→ **What you are asked to do**
What is needed is a verbatim copy of the data, minus the pictures.

→ **Provided data**
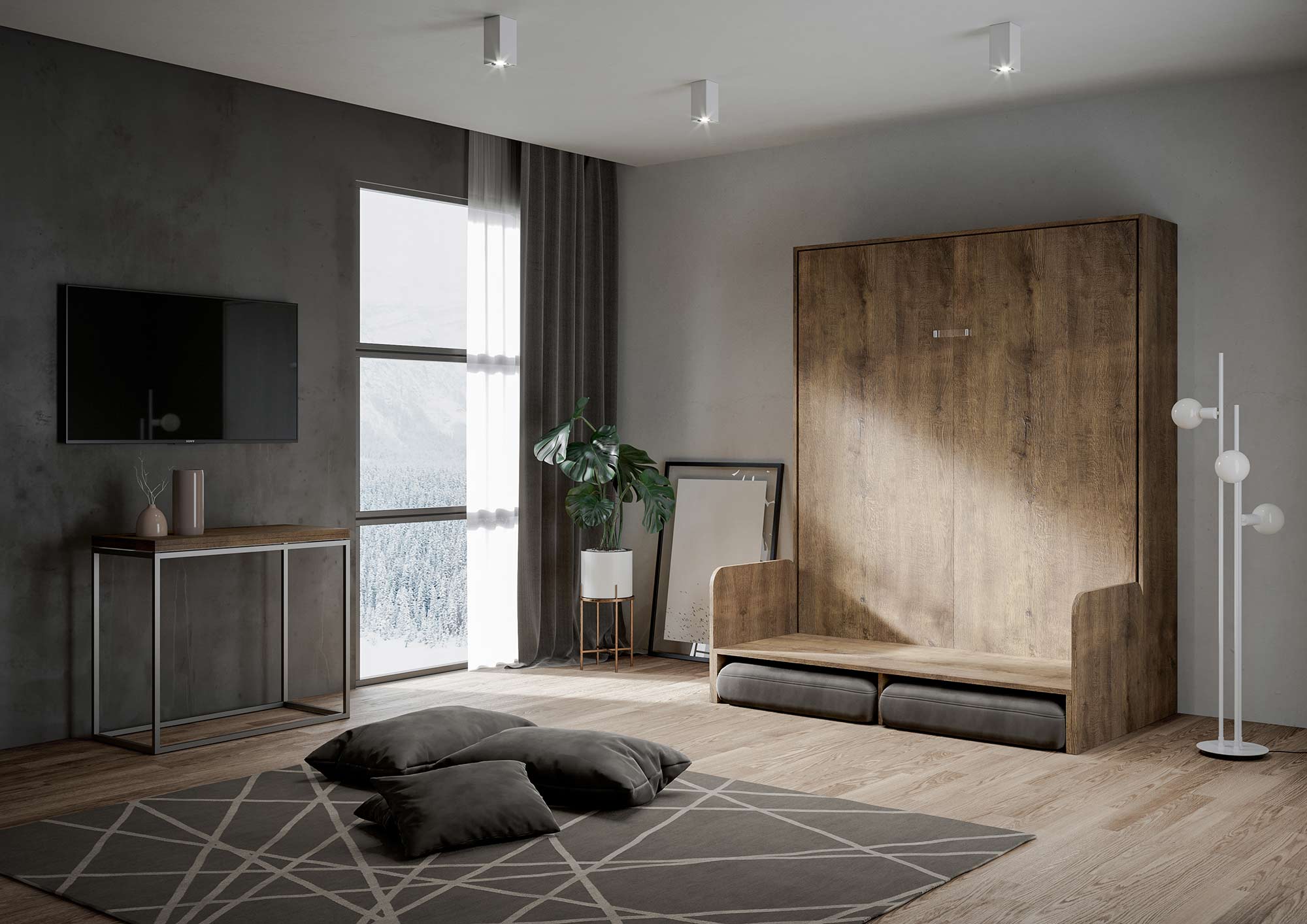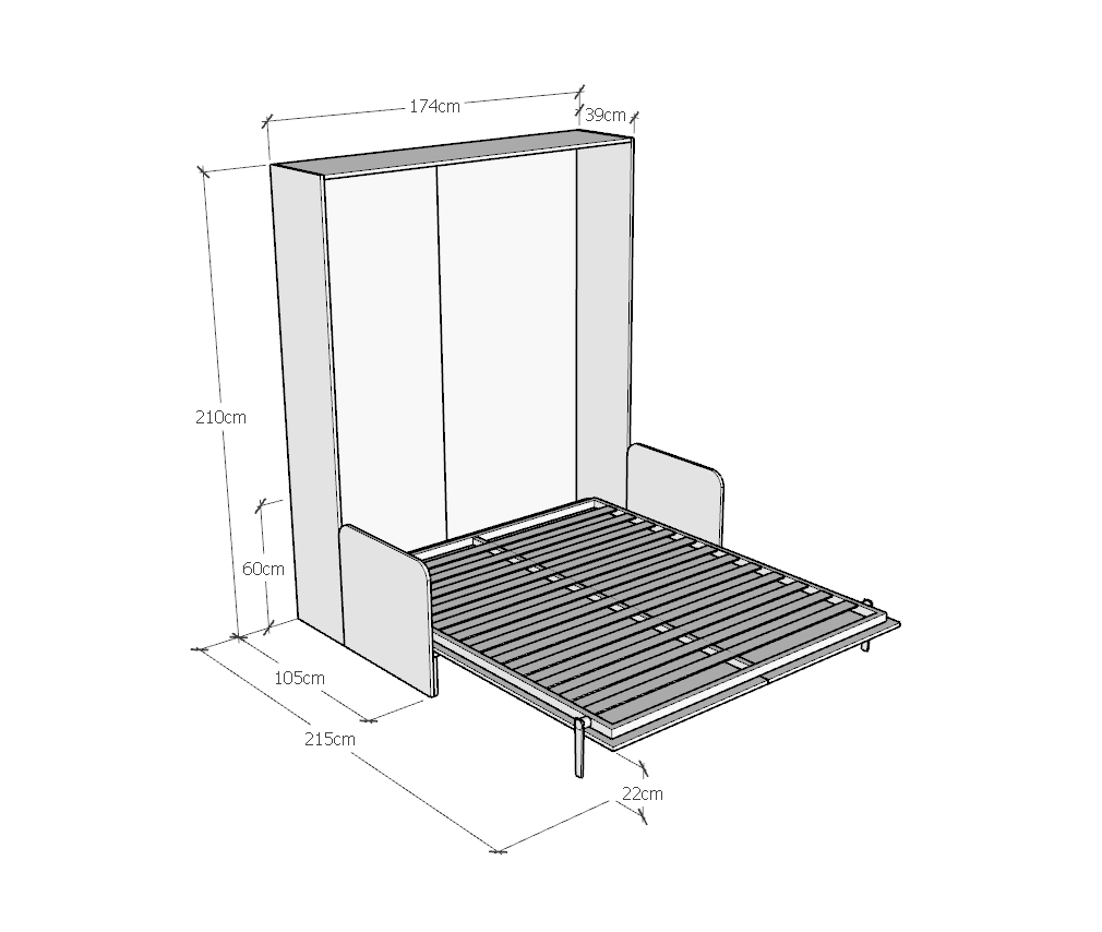 The Kentaro Sofà 160 double wall bed is an original idea that, thanks to the addition of a sofa, transforms the living area into a sleeping area in just a few simple steps. A perfect solution for studios and small spaces where every square meter counts: this smart model allows you to optimize your space without sacrificing comfort, convenience, and design. The sofa cushions, with fully removable covers, are made of microfiber. The upholstery color can be chosen from those available in the image gallery. The bed and sofa frame is made of 18 mm thick melamine-faced particleboard. The base frame is made of reinforced iron, epoxy powder-coated in an embossed aluminum color. Includes a 163x190 cm beech slatted base with mattress straps. The bed is lowered by gas pistons and features a handle. Mattress not included. Recommended mattress dimensions: L. 160 W. 190 H. 22 cm. Maximum bed load: 240 kg. Please note: The Kentaro Sofà wall bed arrives disassembled. Assembly is highly difficult and requires two experienced people. Wall mounting is mandatory. Dimensions: Closed bed: L.173.6 D.105.2 H.210.5 cm. Open bed: L.173.6 D.215 H.210.5 cm. Height of base from floor: 22 cm. Maximum mattress height: 24 cm. Made in Italy. Product by Itamoby.
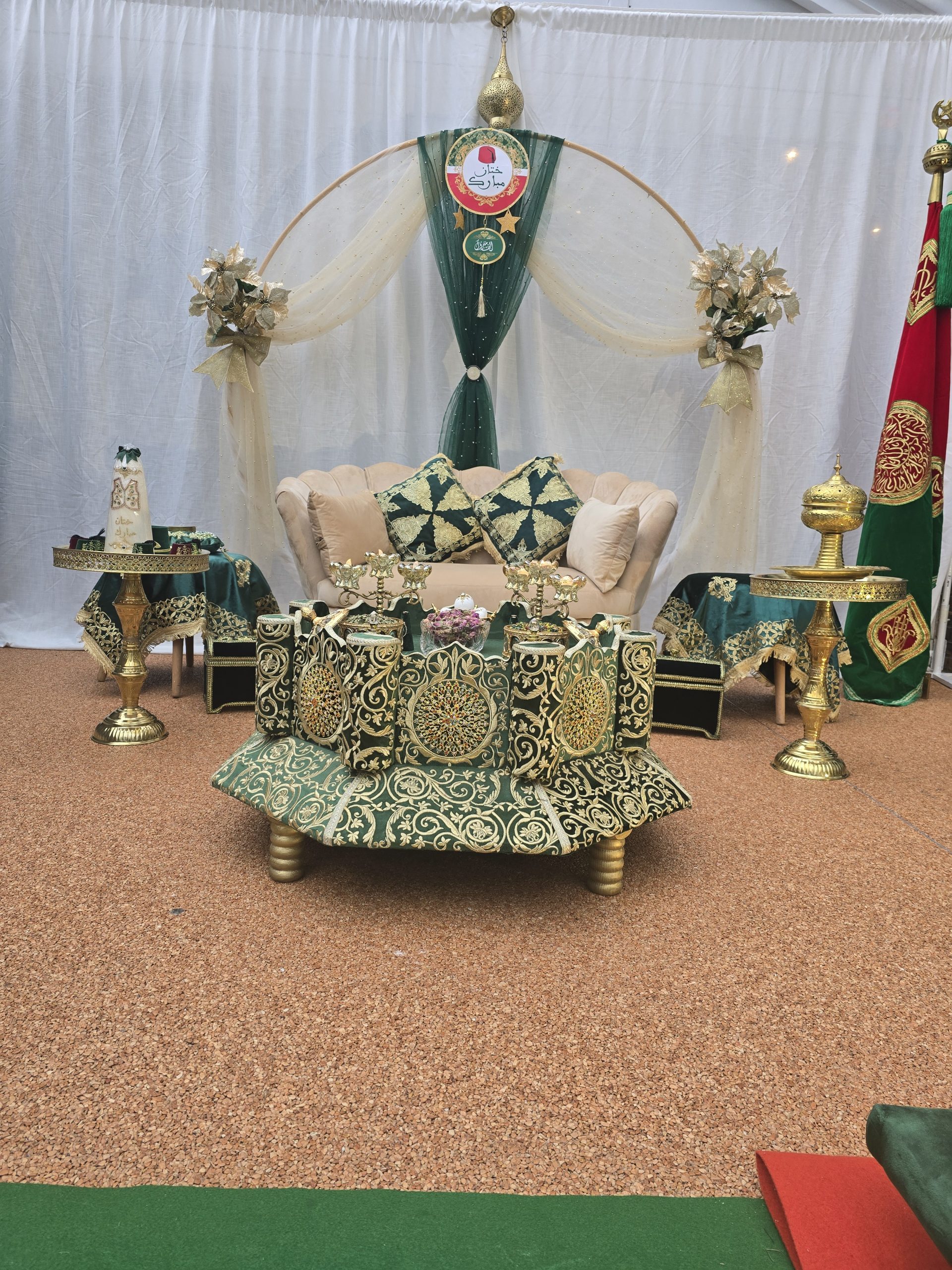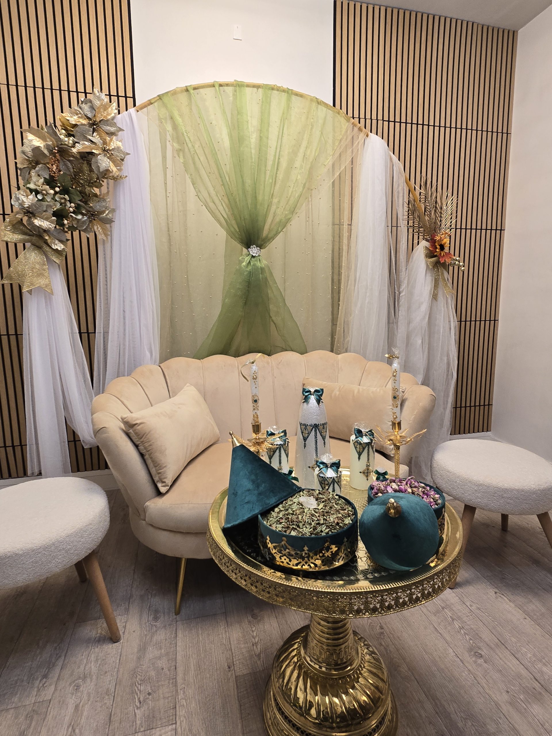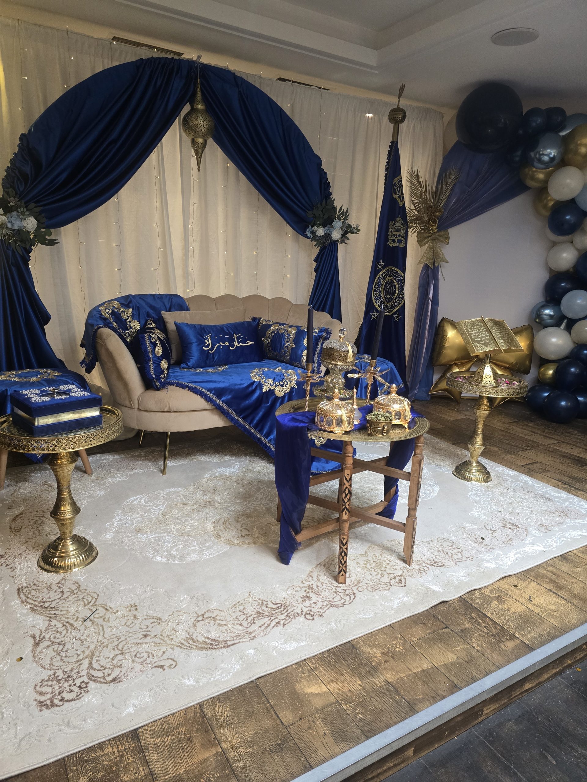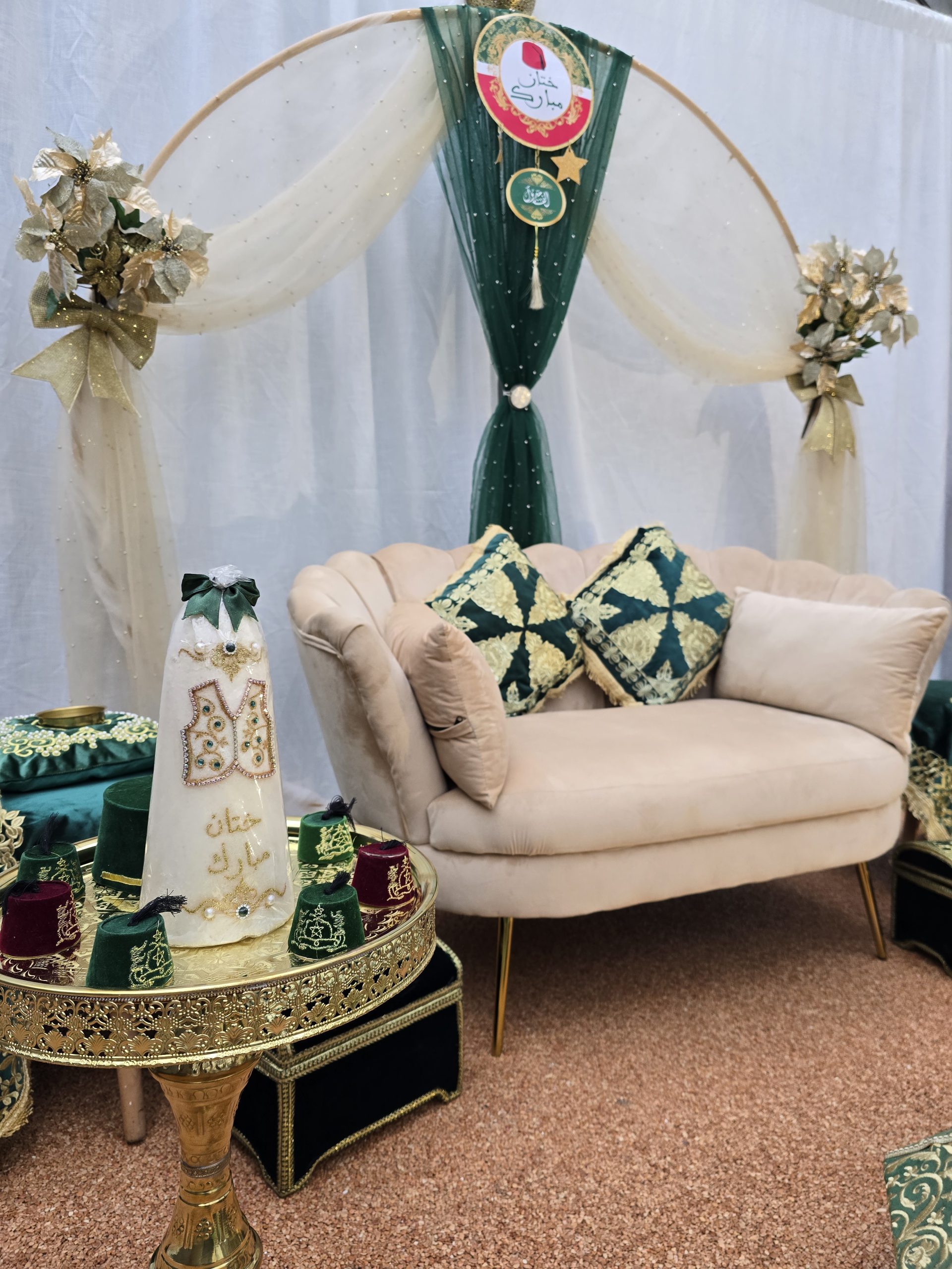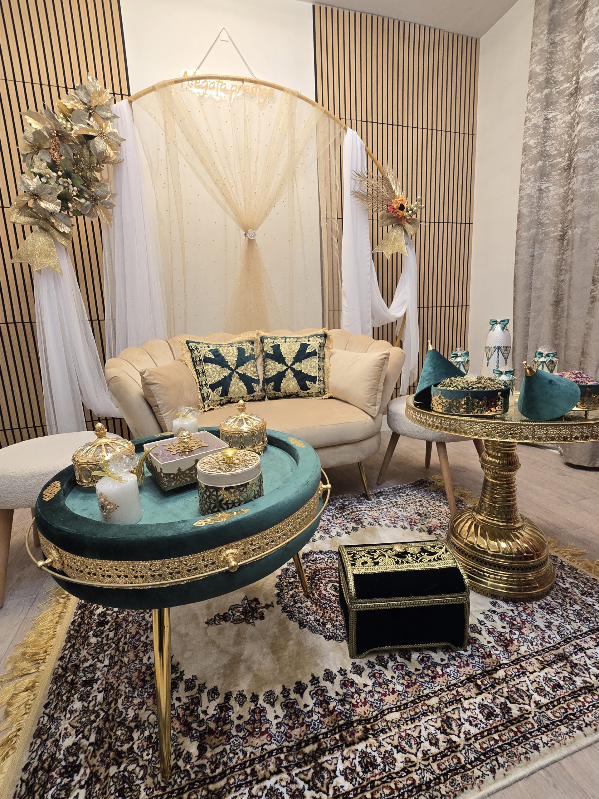 Idéal pour les mariages marocains traditionnels, ce coin est spécialement pensé pour offrir un cadre harmonieux et luxueux aux mariés, tout en mettant en valeur les rituels et les échanges symboliques. Il constitue également un décor parfait pour des photos de mariage inoubliables.
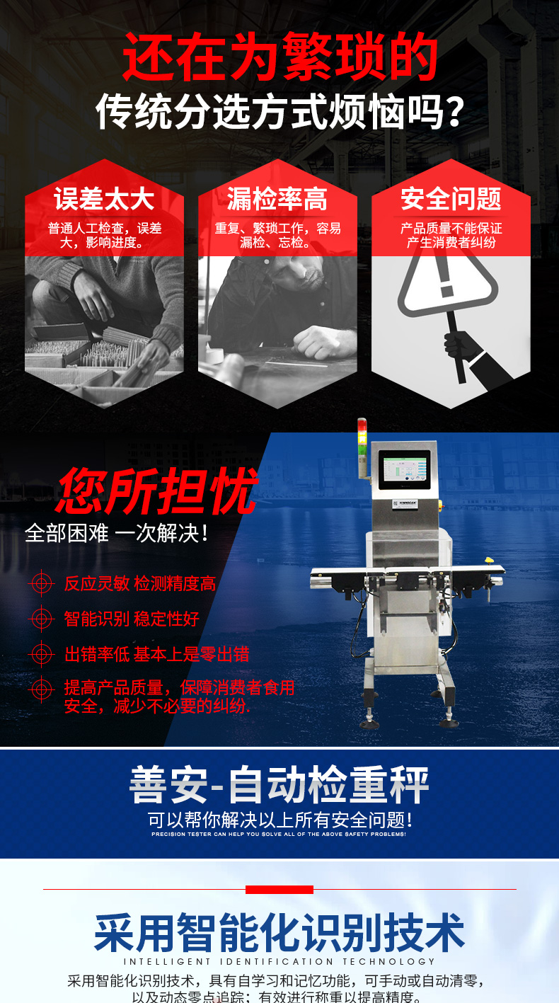廣泛應用于電子、制藥、食品、飲料、保健品、日化、輕工、農副產品等多行業。尤其適用于制藥保健品行業檢測片劑藥品是否少粒、多粒;粉末袋裝藥品是否缺袋、多袋;液體狀藥品重量是否達到標準要求;藥品附件缺失檢測(如說明書、干燥劑等)。
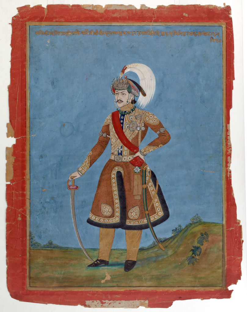 Raja Man Singh (r. 1635-1660) Nurpur, 1850 Opaque pigments with gold on paper Image: 15.5 x 9 cm Folio: 19.3 x 12.2 cm Inscription: (back) Shri Raja Man Singh Guleraya Raja Man Singh of Guler is often said to have been a man of great courage. When summoned to the Mughal court, he bravely refused […]

→ **Solution to this exercise**
 The Kentaro Sofà 160 double wall bed is an original idea that, thanks to the addition of a sofa, transforms the living area into a sleeping area in just a few simple steps. A perfect solution for studios and small spaces where every square meter counts: this smart model allows you to optimize your space without sacrificing comfort, convenience, and design. The sofa cushions, with fully removable covers, are made of microfiber. The upholstery color can be chosen from those available in the image gallery. The bed and sofa frame is made of 18 mm thick melamine-faced particleboard. The base frame is made of reinforced iron, epoxy powder-coated in an embossed aluminum color. Includes a 163x190 cm beech slatted base with mattress straps. The bed is lowered by gas pistons and features a handle. Mattress not included. Recommended mattress dimensions: L. 160 W. 190 H. 22 cm. Maximum bed load: 240 kg. Please note: The Kentaro Sofà wall bed arrives disassembled. Assembly is highly difficult and requires two experienced people. Wall mounting is mandatory. Dimensions: Closed bed: L.173.6 D.105.2 H.210.5 cm. Open bed: L.173.6 D.215 H.210.5 cm. Height of base from floor: 22 cm. Maximum mattress height: 24 cm. Made in Italy. Product by Itamoby.
 Idéal pour les mariages marocains traditionnels, ce coin est spécialement pensé pour offrir un cadre harmonieux et luxueux aux mariés, tout en mettant en valeur les rituels et les échanges symboliques. Il constitue également un décor parfait pour des photos de mariage inoubliables.
廣泛應用于電子、制藥、食品、飲料、保健品、日化、輕工、農副產品等多行業。尤其適用于制藥保健品行業檢測片劑藥品是否少粒、多粒;粉末袋裝藥品是否缺袋、多袋;液體狀藥品重量是否達到標準要求;藥品附件缺失檢測(如說明書、干燥劑等)。
 Raja Man Singh (r. 1635-1660) Nurpur, 1850 Opaque pigments with gold on paper Image: 15.5 x 9 cm Folio: 19.3 x 12.2 cm Inscription: (back) Shri Raja Man Singh Guleraya Raja Man Singh of Guler is often said to have been a man of great courage. When summoned to the Mughal court, he bravely refused […]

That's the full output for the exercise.